The “CI surge,” as one US intelligence official called it, casts further doubt on the safety of the training partnership and the entire Afghanistan exit strategy that hinges on it.

Under pressure from President Obama, the military rushed to recruit local Afghans to stand up a national army and police ahead of his announced 2014 troop withdrawal. To process some 7,000 new recruits each month, corners were cut on background checks, allowing insurgents and terrorists to fill the ranks of the now-350,000-member security force.

The massive infiltration has put American and other Western troops at risk of insider attacks by Afghans they’re training and mentoring.

So far this year, uniformed Afghans have carried out 36 insider, or “green on blue,” attacks — more than the previous two years combined — killing 51 American and NATO soldiers. Over the past three years, they’ve murdered a total of 106 foreign soldiers. Most have been shot at close range, many in the back of the head.

I’ve learned that, in response to the escalating attacks, orders have gone out to the Army’s intelligence headquarters at Fort Huachuca, Ariz., for deployment next month of an additional 60 counterintelligence officers to Afghanistan to help administer a form of polygraph test to Afghan security forces.

They will join the roughly 400 CI agents already in the field. But I’m told this new group is skilled at interrogation and working the so-called PKASS lie-detector machines.

Of course, “they can’t do polygraphs on everybody, so they’re limiting it to whoever has the most direct access to Americans,” the official told me.

Using language interpreters, agents will ask recruits, among other things, if they sympathize with the Taliban or intend to harm Americans.

The military earlier this month suspended training and joint patrols with Afghans in part to conduct more thorough background checks on recruits, who have been selected by village elders, not by Americans.

Even though the Karzai administration recently ID’d and sacked more than 400 Taliban infiltrators whose sole aim was murdering Western troops, the Pentagon does not trust it to thoroughly vet the national army and police.

US military intelligence now believes as much as 25% of the some 350,000 Afghan security force members are Taliban or al Qaeda operatives and sympathizers.

At that infiltration rate, there could be as many as 87,500 bad guys posing as our partners.

One of the core functions of an American soldier in Afghanistan now is working alongside these armed recruits to train and mentor them in combat and protection techniques. They also live with them inside our bases over there, where they’re not always armed but their Afghan counterparts are.

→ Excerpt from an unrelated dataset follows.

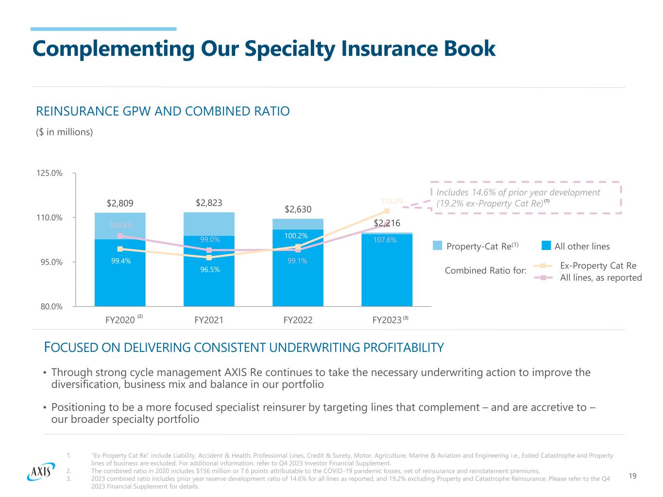 18 Liability Accident and Health Professional Lines Credit and Surety Motor Agriculture Marine and Aviation Runoff Lines 29% 18% 17% 16% 9% 6% 3% 2% 18 Reinsurance Overview SEGMENT HIGHLIGHTS 1. Gross premiums written for the reinsurance segment for the last twelve months of $2,215.8 million included $56.0 million for run-off lines, representing $51.7 million of Reinsurance Catastrophe and Property business which the Company exited in June 2022 and $4.3 million of Reinsurance Engineering business which the Company exited in 2020. For additional information, refer to Q4 2023 Investor Financial Supplement. $2.2 Billion REINSURANCE GPW BY LINE OF BUSINESS For the 12 months ended 12/31/2023 • AXIS Re is a specialty reinsurer focused on profitability in our selected lines of business • Focused on selective growth leaning into positive market conditions • Strong value proposition as a solutions- oriented reinsurance specialist, well positioned to be a strong complement to the specialty insurance portfolio

That’s because Afghans are helping guard our bases. Not surprisingly, many of them have turned their guns on our troops as well.

The private contractors who hired them are now under the control of the Afghan Ministry of Interior — which US intelligence believes has even worse security screening standards than the private contractors. The ministry, which runs the national police, has turned a blind eye to infiltration of its own security forces. In fact, two unarmed senior US officers earlier this year were shot in the back of the head inside ministry headquarters.

To guard against rogue Afghan guards, US commanders have had to place heavily armed “guardian angel” soldiers on duty at bases to protect fellow soldiers as they eat, work out and sleep. Think of the insanity: We have had to double guard our troops because our allies assigned to guard them are actually killing them!

Paul Sperry is a Hoover Institution media fellow and author of “Infiltration.”